The following command extracts all metadata available from [https://github.com/dgarijo/Widoco/](https://github.com/dgarijo/Widoco/).

```bash
somef describe -r https://github.com/dgarijo/Widoco/ -o test.json -t 0.8
```

Try SOMEF in Binder with our sample notebook: [![Binder](https://mybinder.org/badge_logo.svg)](https://mybinder.org/v2/gh/KnowledgeCaptureAndDiscovery/somef/HEAD?filepath=notebook%2FSOMEF%20Usage%20Example.ipynb)

## Contribute:

If you want to contribute with a pull request, please do so by submitting it to the `dev` branch.

## Contributors:
Priyanka O.

## Next features:

To see upcoming features, please have a look at our [open issues](https://github.com/KnowledgeCaptureAndDiscovery/somef/issues) and [milestones](https://github.com/KnowledgeCaptureAndDiscovery/somef/milestones)

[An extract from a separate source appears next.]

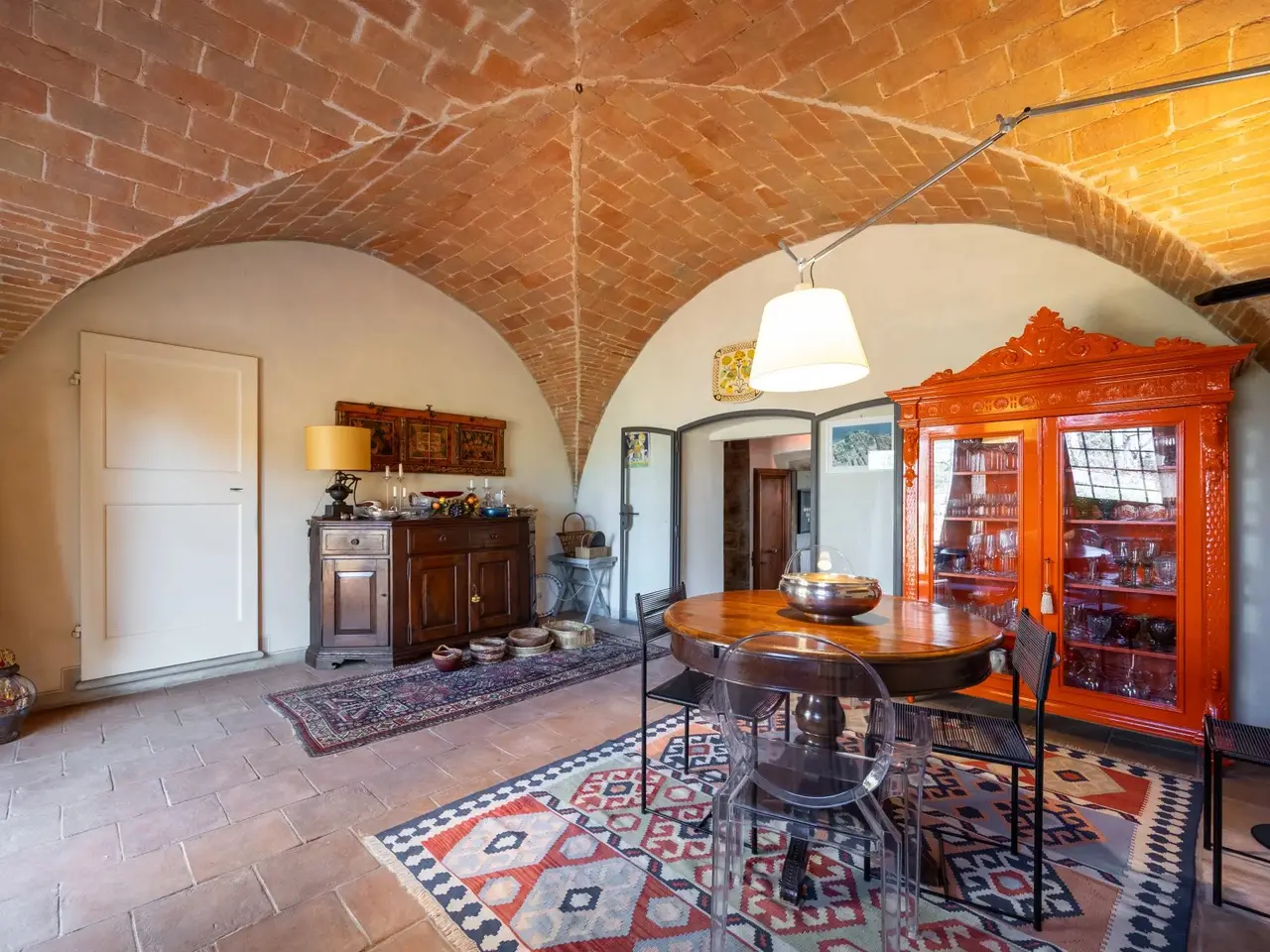 Brick ribbed ceiling in dining room

## Extending SOMEF categories:

To run a classifier with an additional category or remove an existing one, a corresponding path entry in the config.json should be provided and the category type should be added/removed in the category variable in `cli.py`.

## Metadata Support

SOMEF supports the extraction and analysis of metadata in package files of several programming languages.  Current support includes: `setup.py` and `pyproject.toml` for Python, `pom.xml` for Java, `.gemspec` for Ruby, `DESCRIPTION` for R, `bower.json` for JavaScript, HTML or CSS, `.cabal` for Haskell, `cargo.toml` for RUST, `composer` for PHP, `.juliaProject.toml` for Julia , `AUTHORS`, `codemeta.json`, `publiccode.yml`, `dockerfile` and `citation.cff`
This includes identifying dependencies, runtime requirements, and development tools specified in project configuration files.  

## Limitations

SOMEF is designed to work primarily with repositories written in English.  
Repositories in other languages may not be processed as effectively, and results could be incomplete or less accurate.

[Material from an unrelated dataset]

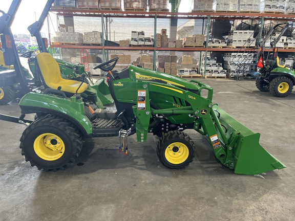 The John Deere 1023E Compact Utility Tractor equipped with the 120R front loader delivers powerful performance in a compact, easy-to-use package. Featuring a 21.5-hp diesel engine, hydrostatic transmission, and quick-attach 120R loader, it’s perfect for mowing, loading, and light landscaping. The 1023E offers exceptional maneuverability, comfort, and reliability—ideal for homeowners, small farms, and property maintenance. Get more done with the versatile John Deere 1023E and 120R loader combo.
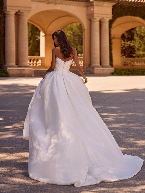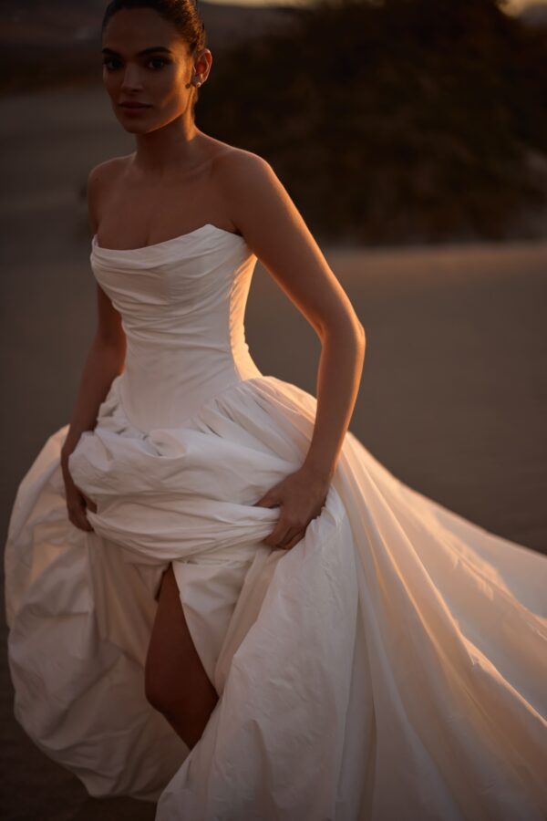 Κομψό νυφικό από mikado και off-the-shoulder μανίκια. Διαθέτει ντραπέ μπούστο διακοσμημένο με 3D απλικέ λουλούδια που τονίζουν τη λαιμόκοψη.

## Repository versions: default behavior, branch and tag

SOMEF allows analyzing specific versions of a repository. If no version is specified, SOMEF will analyze the default branch of the repository (usually `main` or `master`). The following options let you control exactly which version of the codebase is inspected.

### Default behavior

If neither `--branch` nor `--tag` is provided, SOMEF will:

- Clone the repository.
- Detect and analyze the **default branch** set up in github.

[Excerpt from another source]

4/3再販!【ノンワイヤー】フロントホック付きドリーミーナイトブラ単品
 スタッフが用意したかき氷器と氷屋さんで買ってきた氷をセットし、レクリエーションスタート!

This is the recommended option when you want to describe the current version of a a project.

### Using a branch

```bash
somef describe -r <repo_url> --branch <branch_name> ...
somef describe -r <repo_url> --b <branch_name> ...
```

Forces SOMEF to analyze a specific branch of the repository.

Useful when:

- The project maintains development, release or feature branches.
- You need to compare metadata across branches.
- You want to reproduce an analysis on a branch that is not the default one.

### Using a tag

```bash
somef describe -r <repo_url> --tag <tag_name> ...
```

Analyzes a specific tagged version of the repository.

Recommended when:

- You need reproducible results (tags do not change over time).
- You want to document a released version of the software.
- You integrate SOMEF into pipelines that operate on versioned artifacts.

### Restrictions

- `--branch` and `--tag` are mutually exclusive.
- If either option is provided, it overrides the default branch behavior.